To order my thoughts it’s probably best if I start from the top. My first thoughts on competence is that it conveys a sense of ability, if you are competent in an area or skill you are able to carry out work related to it with little or no supervision. This linked in with the definitions I collected above, I had a general feeling of what I needed to do to reach the standard needed. After revisiting this I began to wonder, why are we being assessed this way? Would it not be easier to organise a course like that of GCSE D&T with focused practical tasks, course work and an examination at the end just more concentrated? Wouldn’t this ensure that all of us would understand and learn what was expected of us? To be given such an open brief on developing competence with no solid guidelines on the exact content of our outcome initially felt overwhelming. I felt like asking ‘but, aren’t you going to tell us what we need to know?’

The problem is that an intensive course with everything that we need to do laid out for us to just pick up, memorise and practice would not help us to really understand our chosen subject. The problem would be the tendency to fall into surface learning, like having a tick list, do these things and you’ll pass rather than really getting us to engage with our work. A quote from a recent program on education and assessment really stuck with me. One student was asked how she was finding being given comments to aid her progress rather than using the traditional grading system, her answer was really telling ‘The comments are OK but I want them to bring back grades, the only reason I do the work is to get the grades’. Giving us the skills audit and asking us to autonomously make our own investigations encourages us to go deeper, to develop our interests and build a body of knowledge that will stay with us, not just fade away over periods when it is not being used.

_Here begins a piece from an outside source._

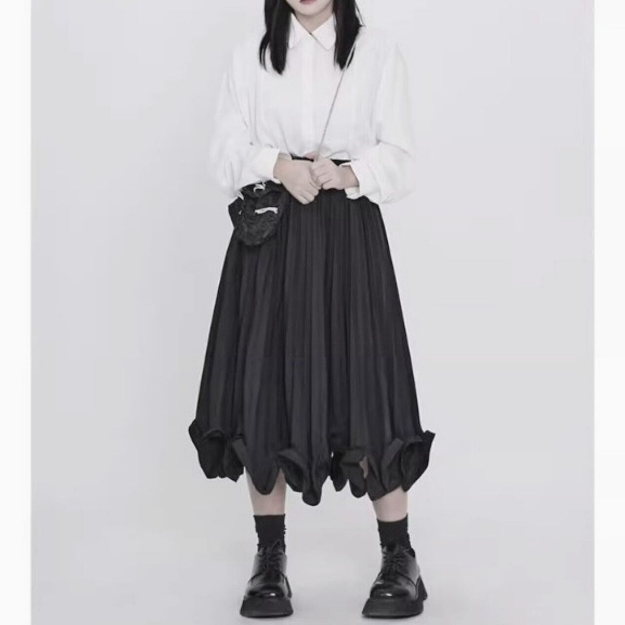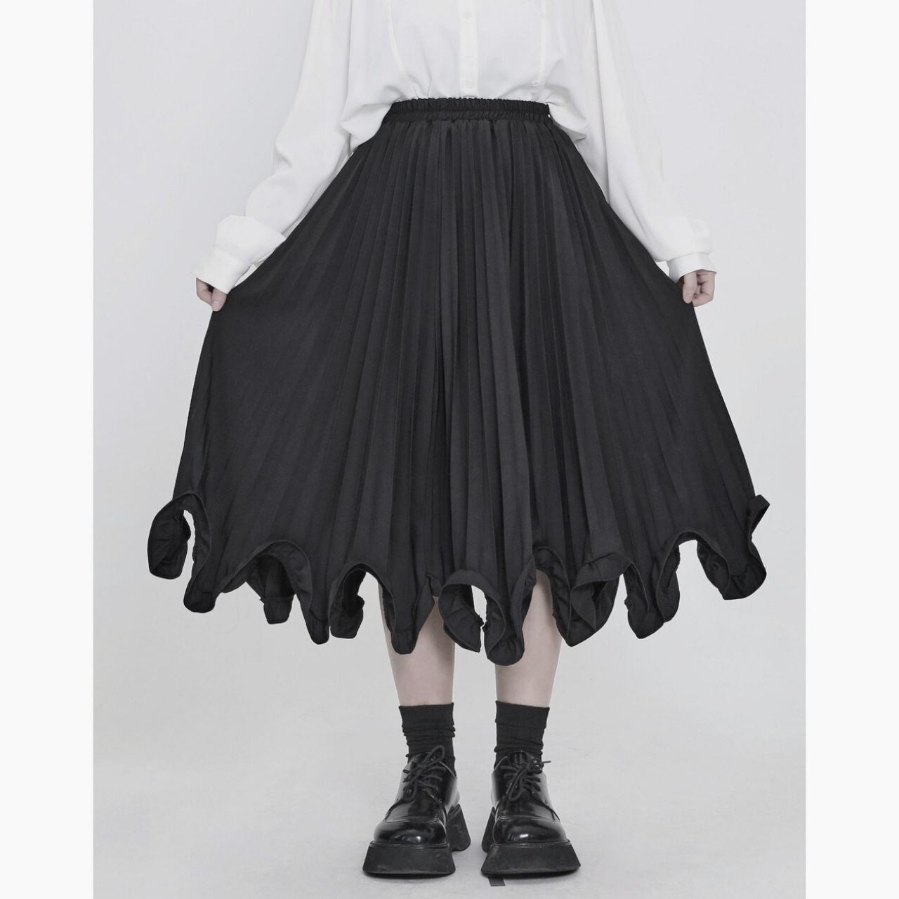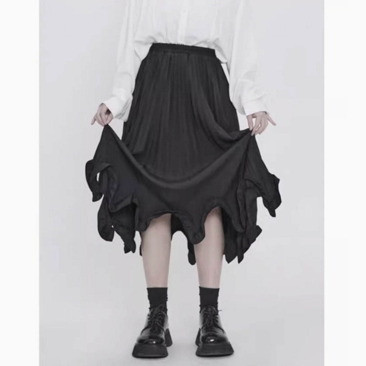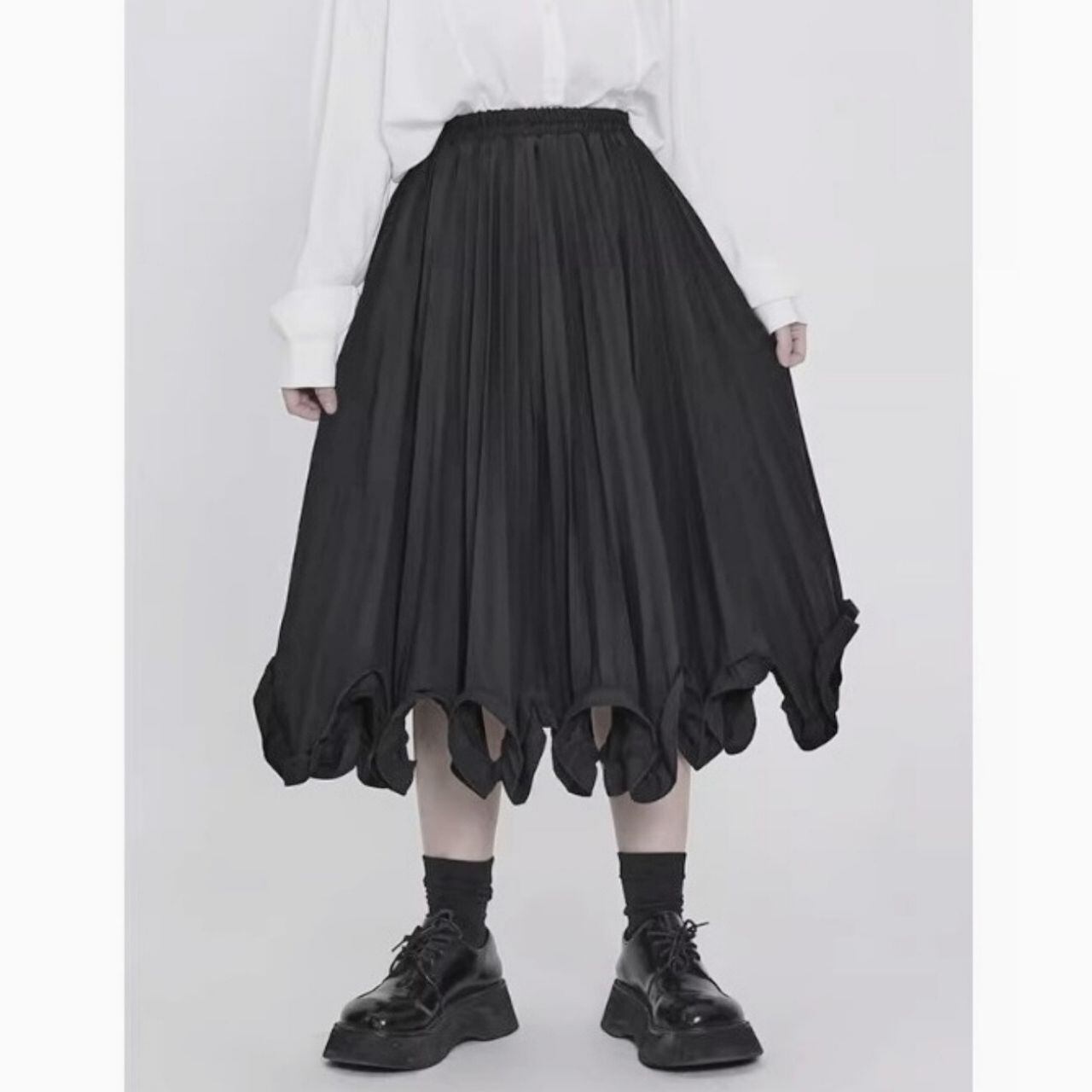 裾のアシンメトリーなフリルが目を惹くミディスカート。

Another problem with traditional assessment can be the wording in the documentation given to students. It’s not often clear what is being said by an assessment criteria, sometimes things that are supposed to help make this clear can in fact make things worse. For example: essay writing guides, it may say that to get a good grade you need and incisive introduction, but what does that really mean?!? Some feel that this opacity can lead to the student becoming uncertain about what they need to do, resulting in reverting back to strategies ingrained in their schooling, strategies that stem from surface learning and can lead to simple regurgitation of facts and ideas (Edwards and Knight 1995)

Competence bases assessment is much more flexible, it works by giving you a clear goal but the method of achieving it is left open. You can choose what ever learning/investigating/development method that suits you best, maximising your potential (as long as you stay motivated!). This autonomous investigation also has the added benefit of encouraging deeper learning, you are free to pursue what you find interesting therefore the knowledge gathered is personal to you, it means more than just having it given to you to memorise.

At this point in my research I have collated a list of terms assiciated with competence: autonomy, self motivation, problem solving, reliability, reflection, well rounded, self monitoring, aware of wider knowledge/issues, practical, replication and engagement. Below is a table of a taxonomy of objectives for professional education; it’s easy to see the similarities:

Mental characteristics Attitudes and values Personality characteristics Spiritual qualities












Emotional resilience



Mental skills Information skills Action skills Social skills










Decision making

Problem solving






Factual knowledge Experiential knowledge









(Edwards and Knight, 1995, pp.125)

So, what is competence? In doing this research my original definition now seems deficient. Competence is not just about having knowledge or understanding the theory of a subject, or even about being able to pass on that knowledge, it’s about being able to ‘do’ as well as ‘say’. To be competent in a subject you need to understand it but also to be able to apply your understanding, to make a product or to be able to understand why something isn’t working and how to fix it.

Tall order… I’ve made a start in the keypad safe project but I have so much more to cover before I reach competence!